| HN Mirror

Y	Hacker News new \| ask \| show \| jobs

by poulpy123 25 days ago

looking at the changes it makes me wonder:

- is there an usable font the cover all unicode ?

- if not is there really a point to include everything possible in unicode ?

- how many space is remaining for new alphabet and smileys ?

- how do they handle changes in scripts, for example if new proto-cuneiform or seal script symbols are discovered ?

4 comments

wongarsu 25 days ago

> if not is there really a point to include everything possible in unicode ?

Needing to load three fonts to show a single document that mixes vastly different character sets is still infinitely better than not being able to have those different characters in the same .txt or .md file at all

> how many space is remaining for new alphabet and smileys ?

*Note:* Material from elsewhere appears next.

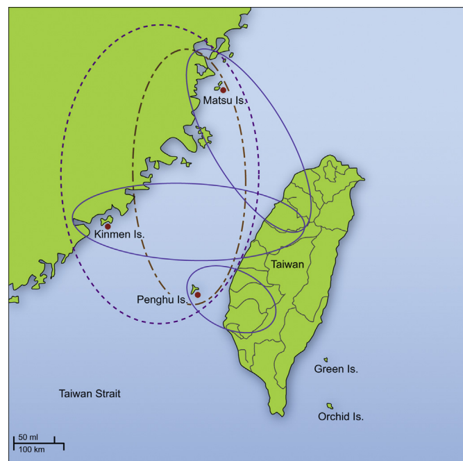
Map 2. A visualization of island-to-island relations amongst Taiwan's islands.

What about the analysis of these same multiplicities in the context of the nature of the polity of Taiwan as de facto archipelago? It is the geo-physically fragmented and unequally distributed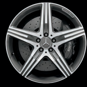
WHEEL: 20" AMG 5-spoke • AMG S 63

Unicode can encode about 1100k code points, and about 800k of those are currently unassigned and available for future scripts or characters

link

xigoi 25 days ago

Also, the 1.1M limit is because of UTF-16. If UTF-16 was deprecated in favor of UTF-8, the limit could be much higher.

link

hulitu 24 days ago

We need UTF-32. For the future.

link

xigoi 24 days ago

UTF-32 already exists, but nobody uses it because it’s much less efficient for most textual data than UTF-8.

link

pvdebbe 24 days ago

UTFv6

link

tecleandor 25 days ago

> how do they handle changes in scripts, for example if new proto-cuneiform or seal script symbols are discovered

They get added in the next Unicode revision.

In Unicode you have "blocks" [0] that are often bigger than the number of characters in a script, language or function. There are usually also space for new blocks between unrelated blocks.

For example, in the case of cuneiform, it was introduced in Unicode 5.0, and there have been revisions in 7.0 and 8.0 [1]

  0: https://en.wikipedia.org/wiki/Unicode_block
  1: https://en.wikipedia.org/wiki/Cuneiform_(Unicode_block)#History

link

lifthrasiir 25 days ago

As an example of having not-exactly-a-character as Unicode "characters", it is rather rare that musical symbols are embedded in running texts (which is a primary litmus test for encoding), but musical symbols are typically rendered with existing font technology so there are needs for standardized "character" codes, as SMuFL [1] does. In fact Unicode 18 will get tons of musical symbols that have been in SMuFL for a long time but not yet in Unicode [2].

[1] https://www.smufl.org/

[2] https://www.unicode.org/L2/L2025/25017-miscellaneous-musical...

link

pveierland 25 days ago

The Noto fonts have great coverage: https://notofonts.github.io/overview/

link

infinita740 25 days ago

Pretty cool vizualisation.

There is also GNU unifont [1] "The original intent of Unifont was to offer a simple font format with wide Unicode coverage to render something meaningful for each Unicode code point"

[1] https://unifoundry.com/unifont/index.html

link